'

La herramienta exacta: Este mensaje se lee 60 mil veces por mes !!!

Curso/taller de Liquidación de Sueldos General

En este tema, como en muchos otros de la propiedad horizontal, las aguas están divididas. En efecto, se da por caso que algunas resoluciones judiciales se inclinan por la aplicación estricta del reglamento general o del reglamento interno del edificio cuando estos prohiben la tenencia de animales en las unidades. En cambio hay otra corriente jurisprudencial que exige la prueba concreta de que los animales ocasionan molestias a pesar de la prohibición reglamentaria. Esta tesitura se inscribe en el marco del principio de que en justicia no se puede pedir por pedir o en el solo interés de la ley. Por el contrario, debe mediar un perjuicio real y no meramente hipotético. El fallo que a continuación se transcribe parece inclinarse por esta última solución.

PROPIEDAD HORIZONTAL/Prohibiciones del reglamento- Tenencia de animales

1.- En el caso, la prohibición establecida en el reglamento interno del consorcio de tener animales en los departamentos, no puede entenderse en términos absolutos; pero su generalidad, que alcanza a todos los animales que puedan causar molestias, tiene por fin impedir que se aumente la tenencia en los departamentos y evitar la discusión acerca de cuáles son los que las ocasionan, ya que por lo general ninguno de los propietarios admite que lo sea el propio. En autos, el encargado del edificio ha declarado que el perro de la demandada ladra cuando queda en el balcón (probablemente en ausencia de su dueña) o suena el timbre.

2.- El amor a los animales no tiene nada de vituperable (salvo el caso de extravagancias no poco frecuentes); pero el recto orden de los afectos exige que en ninguna forma esa inclinación comporte menosprecio por el prójimo o indiferencia por su tranquilidad (en el caso, la cuestión se vincula con la tenencia de un perro en un departamento en propiedad horizontal).

80.281- CNEspecial Civil y Com., sala VI, junio 17-981.- Consorcio de Propietarios, Moldes 1444/48 c. V. de Lafuente, María y otros.

2a. Instancia.- Buenos Aires, junio 17 de 1981.

El Dr. Ferrer dijo: En el Reglamento de Copropiedad del consorcio actor se previó el dictado de un reglamento interno del edificio a los efectos de los arts. 6° y 15 de la ley 13.512. En el inc. b) de la primera disposición legal se trata la prohibición de perturbar con ruidos o de cualquier otra manera la tranquilidad de los vecinos.

El 26 de abril de 1979 esa entidad realizó una Asamblea Extraordinaria versando el segundo punto de la convocatoria sobre la aprobación del reglamento interno que se transcribió íntegramente en el acta cuya copia autenticada (obra a fs. 28 a 34). A ella concurrieron veintiuno de los veintiocho propietarios que integran el consorcio, concluyéndose en el art. 5 la prohibición de tener animales en los departamentos. No se registró en el acto ninguna objeción pero sí la exhortación de la Administradora para que se respetare, y las circunstancias señaladas indican que hubo consentimiento tácito en admitir este estatuto para regir la vida interna del consorcio, con la consiguiente fuerza obligatoria para sus integrantes.

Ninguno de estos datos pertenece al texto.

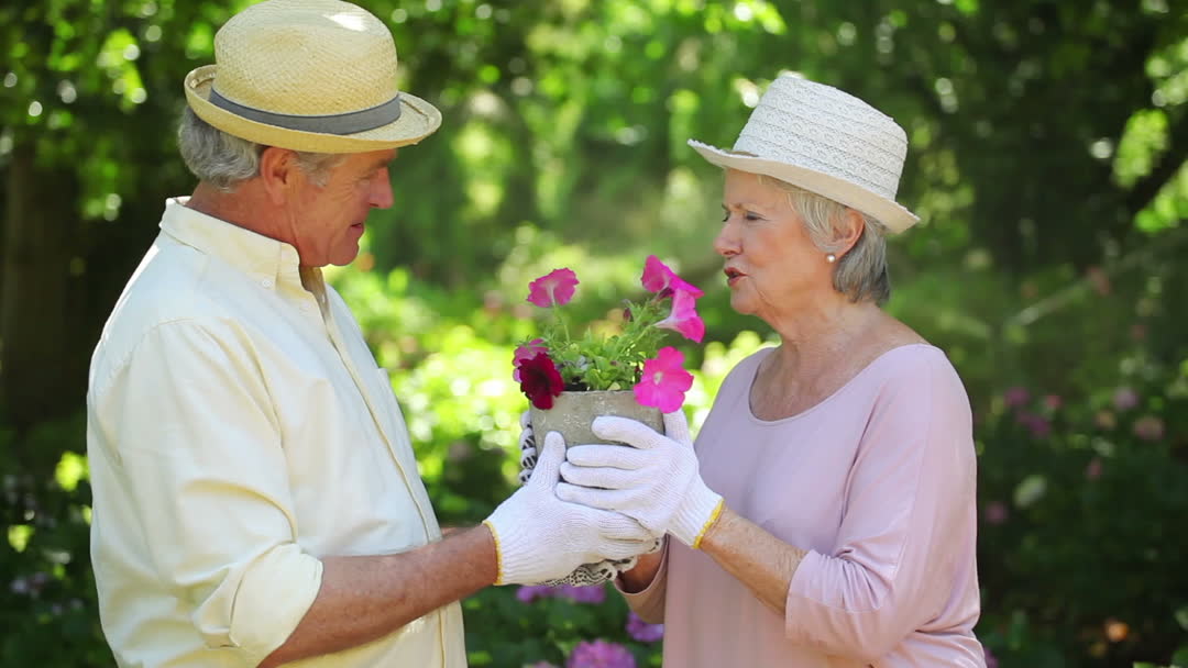 - Elderly Couple Enjoying Gardening with Lush Greenery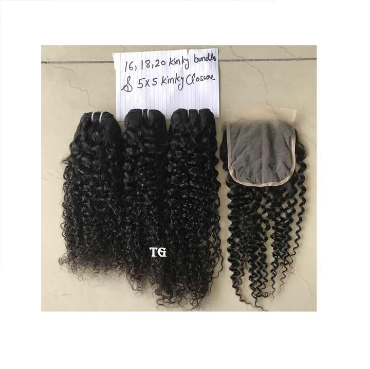 Product Name:16" 18" 20" kinky curly bundle with 5x5 transparent lace closure hair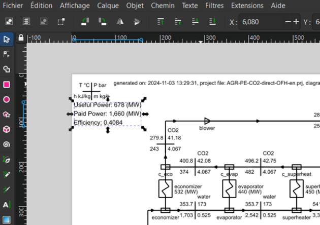Note that if you want to generate several diagrams corresponding to the same Thermoptim diagram but with several parameters, you should generate a common template without the thermodynamic values and save it as is. Then you just generate the thermodynamic values, then open that setup file with Inkscape, select the set, copy them, and then open the frame and paste the values. You will have to drag the values to the right place but this is not very difficult. Finally you save the new diagram under a different name from the one of the template so that the latter can be used again.

Por ello, la cuestión que formula la recurrente acerca de su validez, debe ser desestimada, así como también el desconocimiento de sus disposiciones, que si existió, debe imputarse únicamente a su negligencia. Por otra parte y según declararon los testigos Souza y Marchano (fs. 99 y 99 vta.), en este aspecto el nuevo reglamento interno se limitó a ratificar la prohibición que contenía el anterior.

Las tres personas que no la acataron, fueron demandados en estos autos; pero una de ellas se allanó y retiró el animal, otro se mudó por lo que la acción fue desistida a su respecto y sólo quedó como demandada la que suscribió el compromiso de fs 44 por el que se obligó a retirar su can, lo que por sí sólo bastaría para confirmar el fallo recurrido ya que no se ha objetado la validez de lo pactado.

La referida prohibición no puede entenderse en términos absolutos; pero su generalidad que alcanza a todos los animales que puedan causar molestias tiene por fin impedir que se aumente la tenencia en los departamentos y evitar la discusión acerca de cuáles son los que las ocasionan, ya que por lo general ninguno de los propietarios admite que lo sea el propio. En el caso de autos, el encargado del edificio ha declarado que el perro de la demandada ladra cuando queda en el balcón (probablemente en ausencia de su dueña) o suena el timbre.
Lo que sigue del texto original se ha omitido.